__Stored dataset items__
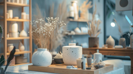 A cozy home decor setup featuring ceramic vases with dried flowers, creating a warm and inviting atmosphere. Perfect for interior design and lifestyle themes.
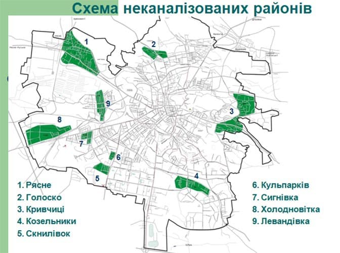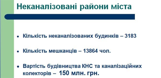 4. Низка вулиць і районів не мають каналізації. Це 9 районів – 114 вулиць, 3 183 будинки, у яких проживає 13 864 мешканців).
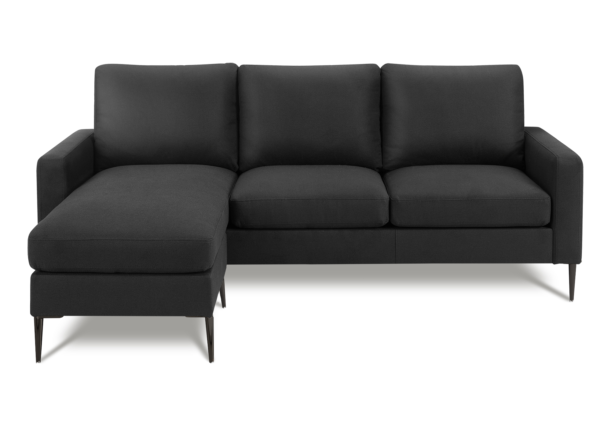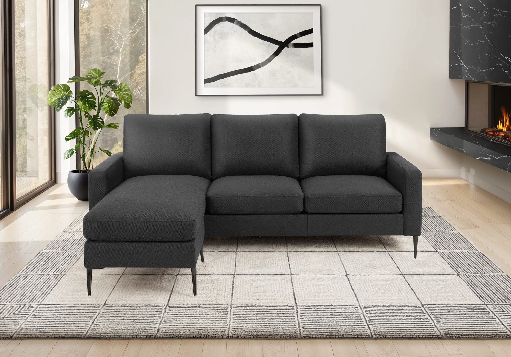 Crafted with modern sophistication in mind, the sofa lounger is a refined expression of style and everyday comfort. Measuring an impressive 85″ wide, this L-shaped seating solution offers a left or right setup for the chaise lounge, allowing it to adapt seamlessly to a variety of room layouts. Upholstered in a chic black fabric, the sofa lounger delivers a sleek, contemporary appearance while remaining durable for daily use. Padded cushions with supportive pocket coil seating provides a comfortable, well-balanced lounging experience ideal for extended relaxation. Clean square arms enhance the modern silhouette, while black metal legs add a subtle industrial edge and reliable stability. Thoughtfully designed padded surfaces create an inviting space for unwinding or entertaining guests. Easy assembly ensures quick setup, and a 1-year limited warranty offers added peace of mind. Whether hosting friends or enjoying a quiet night in, the sofa lounger offers a seamless blend of style, function, and modern appeal.
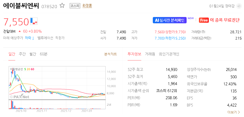 외국인 보유 비중은 12.41% 이며 장중 거래량은 60,695원 을 기록했습니다. 매출액은 2,030억 원을 달성했습니다. EPS는 없음원이며 에이블씨엔씨 주식 배당수익률은 91% 입니다.
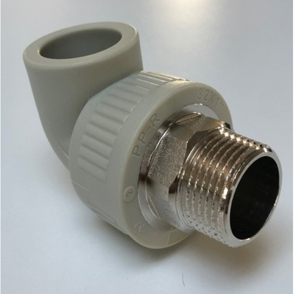 Конструкція кутника виготовлена з міцного матеріалу та має стандартний розмір 32 мм зовнішнього діаметра і зовнішню різьбу 1". Використовується для надійного стикування труб у системах холодного і гарячого водопостачання, а також опалення. Підходить як для застосування в побутових умовах, так і в комерційних будівлях. Модель характеризується стійкістю до механічних навантажень і температурних коливань.
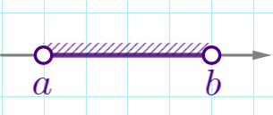 | \(\displaystyle a<x<b\) | ![]() | \(\displaystyle (a;b)\) | интервал |
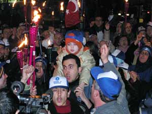 Demiryolu Caddesi üzerinde ellerinde meşaleler ile yürüyen grup, "Direne direne kazanacağız", "SEKA halkındır kapatılamaz" şeklinde sloganlar attılar. Yürüyüş boyunca çevrede polis tarafından geniş güvenlik önlemi alındı. Eylem, grubun ellerindeki maytapları belediye önünde patlatması ile olaysız son buldu.
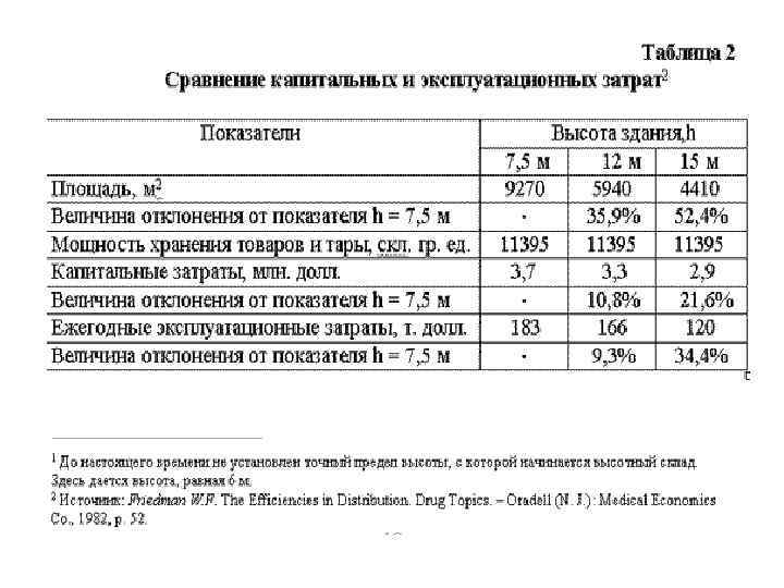 Определение элементов складских подсистем «Здание» • • Склады различаются по виду складских зданий (по конструкции): открытые площадки, полузакрытые (навес) и закрытые. Закрытые являются основным типом складских сооружений, представляя собой обособленное здание со складскими помещениями. Само здание может быть многоэтажным и одноэтажным, при этом последние в зависимости от высоты делятся на обычные (высотой, как правило, 6 м), высотные (высотой свыше 6 м) и смешанные с высотной зоной хранения (высота зоны хранения выше остальных рабочих зон). В современном складском хозяйстве предпочтение отдается одноэтажным складам, а с учетом удорожания стоимости земельных участков и достижений в области складской техники – складам с высотной зоной хранения. Общие затраты на высотный склад меньше в несколько раз, чем затраты на склад с тем же объемом, но с более низкой высотой, что видно из сравнения капитальных и эксплуатационных затрат, приведенных (табл. ). На практике различают следующие основные «типоразмеры» складов: 600; 800; 1000; 1250; 2500; 5000; 7500; 10000; 25000 м 2. При этом, чем больше площадь складского помещения, тем легче и рациональнее может быть размещено технологическое оборудование под хранение груза и использованы технические средства, а значит, имеются возможности для повышения уровня механизации.

__ACTIVITY__
If a picture sits between the line containing "(a;b)\) | интервал |" and the line containing "Demiryolu Caddesi üzerinde", leave it out, and return the lines of that range above exactly, both ends included.

__ANSWER SECTION__
 | \(\displaystyle a<x<b\) | ![]() | \(\displaystyle (a;b)\) | интервал |
 Demiryolu Caddesi üzerinde ellerinde meşaleler ile yürüyen grup, "Direne direne kazanacağız", "SEKA halkındır kapatılamaz" şeklinde sloganlar attılar. Yürüyüş boyunca çevrede polis tarafından geniş güvenlik önlemi alındı. Eylem, grubun ellerindeki maytapları belediye önünde patlatması ile olaysız son buldu.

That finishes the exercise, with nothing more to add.